ACFCS: So financial institutions do have a role in authorizing and authenticating the transaction, so it’s not completely independent.

Elkiner: No, we work 100 percent with financial institutions and I  think that they will remain at the core of anything.

ACFCS: Speaking of financial institutions and that cooperation, could you tell us how regulatory agencies in this multinational region have reacted to YellowPepper and also other mobile payment systems?

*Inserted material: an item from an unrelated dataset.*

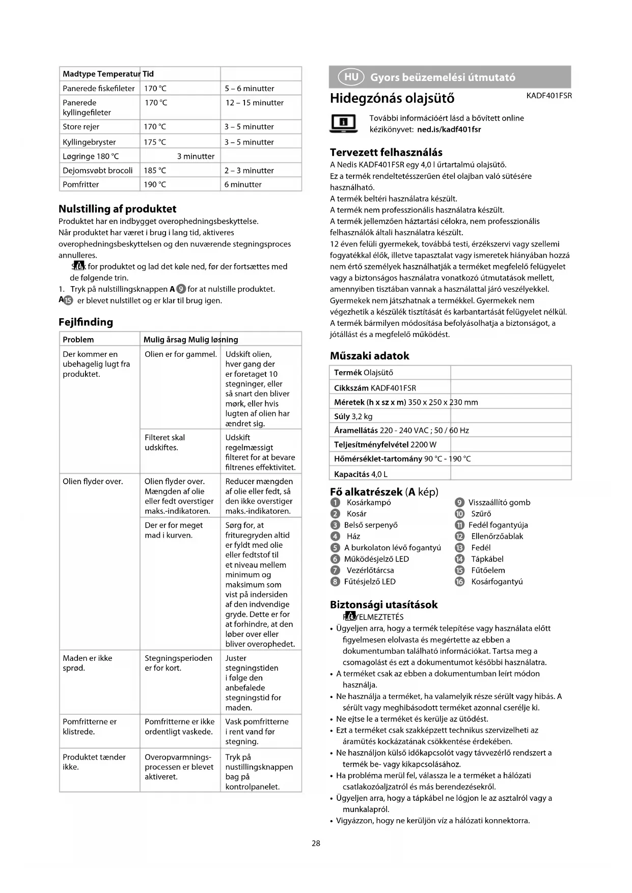 Gyors beüzemelési útmutató Hidegzónás olajsütő KADF401FSRTovábbi információért lásd a bővített online kézikönyvet: ned.is/kadf401fsr Tervezett felhasználás A Nedis KADF401FSR egy 4,0 l űrtartalmú olajsütő.Ez a termék rendeltetésszerűen étel olajban való sütésére használható.A termék beltéri használatra készült.A termék nem professzionális használatra készült.A termék jellemzően háztartási célokra, nem professzionális felhasználók általi használatra készült.12 éven felüli gyermekek, továbbá testi, érzékszervi vagy szellemi fogyatékkal élők, illetve tapasztalat vagy ismeretek hiányában hozzá nem értő személyek használhatják a terméket megfelelő felügyelet vagy a biztonságos használatra vonatkozó útmutatások mellett, amennyiben tisztában vannak a használattal járó veszélyekkel. Gyermekek nem játszhatnak a termékkel. Gyermekek nem végezhetik a készülék tisztítását és karbantartását felügyelet nélkül.A termék bármilyen módosítása befolyásolhatja a biztonságot, a jótállást és a megfelelő működést. Műszaki adatok Termék OlajsütőCikkszám KADF401FSRMéretek (h x sz x m) 350 x 250 x 230 mmSúly 3,2 kgÁramellátás 220 - 240 VAC ; 50 / 60 HzTeljesítményfelvétel 2200 WHőmérséklet-tartomány 90 °C - 190 °CKapacitás 4,0 L Fő alkatrészek (A kép) 1 Kosárkampó 2 Kosár 3 Belső serpenyő 4 Ház 5 A burkolaton lévő fogantyú 6 Működésjelző LED 7 Vezérlőtárcsa 8 Fűtésjelző LED 9 Visszaállító gomb q Szűrő w Fedél fogantyúja e Ellenőrzőablak r Fedél t Tápkábel y Fűtőelem u Kosárfogantyú Biztonsági utasítások

Since we are trying to make the transaction more secure, we are working with the trans-financial industry, financial institutions, officers and merchants to create a better, more secure environment, so they’ve reacted very positively and they’re in contact with us. So they’re supporting our efforts.

ACFCS: Have they put pressure on you to create better security measures?

Elkiner: No, they’re not pressuring us because our system is already more secure than the current system in place. We add that layer of security that does not exist today so that there is no sensitive information that’s exchanged at the weak point, which is the point of sale or the checkout on the internet. That is really what regulators are looking for: always more secure transactions. The more security for the end user and for the merchant. So they’re not pressuring us for more than we are offering already. They’re actually enthused that we’re launching soon in their respective countries.

ACFCS: So it seems that these mobile payment systems are very popular in developing nations and Latin America, especially. You chose this region, specifically for a reason. Can you tell us about the population and the marketing strategy that you engendered with this business idea?

Elkiner: I think that for mobile payments to be a success, it needs to be ubiquitous, therefore it needs to be available everywhere. The problem with developed nations in Europe or the US, is that there are so many merchant service acquiring companies, I think like 4,000 of those, and so many banks like 10,000 banks in the US or something like that, that could generate the complication of developing an ecosystem. In Latin America, you have 25 banks per country, three banks in each country generate a market share of approximately 60 percent together. Some countries major bank has a market share of 30-40 percent and merchant service acquiring companies are usually 2-3 per company so you can really actually get into creating an ecosystem on the national level where you can now make mobile payments accepted everywhere. We needed a short period of time, around two years, to create this environment where it’s accepted everywhere. Physical stores, online and atms, creating an environment for a card-led society. So I think that’s what attracted us to Latin America, as I said e-commerce is really limited right now besides Brazil. Brazil has a very developed e-commerce ecosystem. We believe that there’s huge growth potential in that sector. The reason it’s not developed is the reason I said in the beginning about fear of putting your card information on the internet and we create a bridge where you don’t have to put card information on the internet. So those two factors have given us the opportunity to create the right environment for mobile commerce to be successful.

ACFCS: For this to work, you really need vendors to have the capacity to take this system everywhere, so has that been a challenge to get these vendors on board?

It’s always difficult to get the few first vendors, but then the other vendors follow suit. So I think it’s important to get the first few ones, good ones, and make sure that they’re on board with you.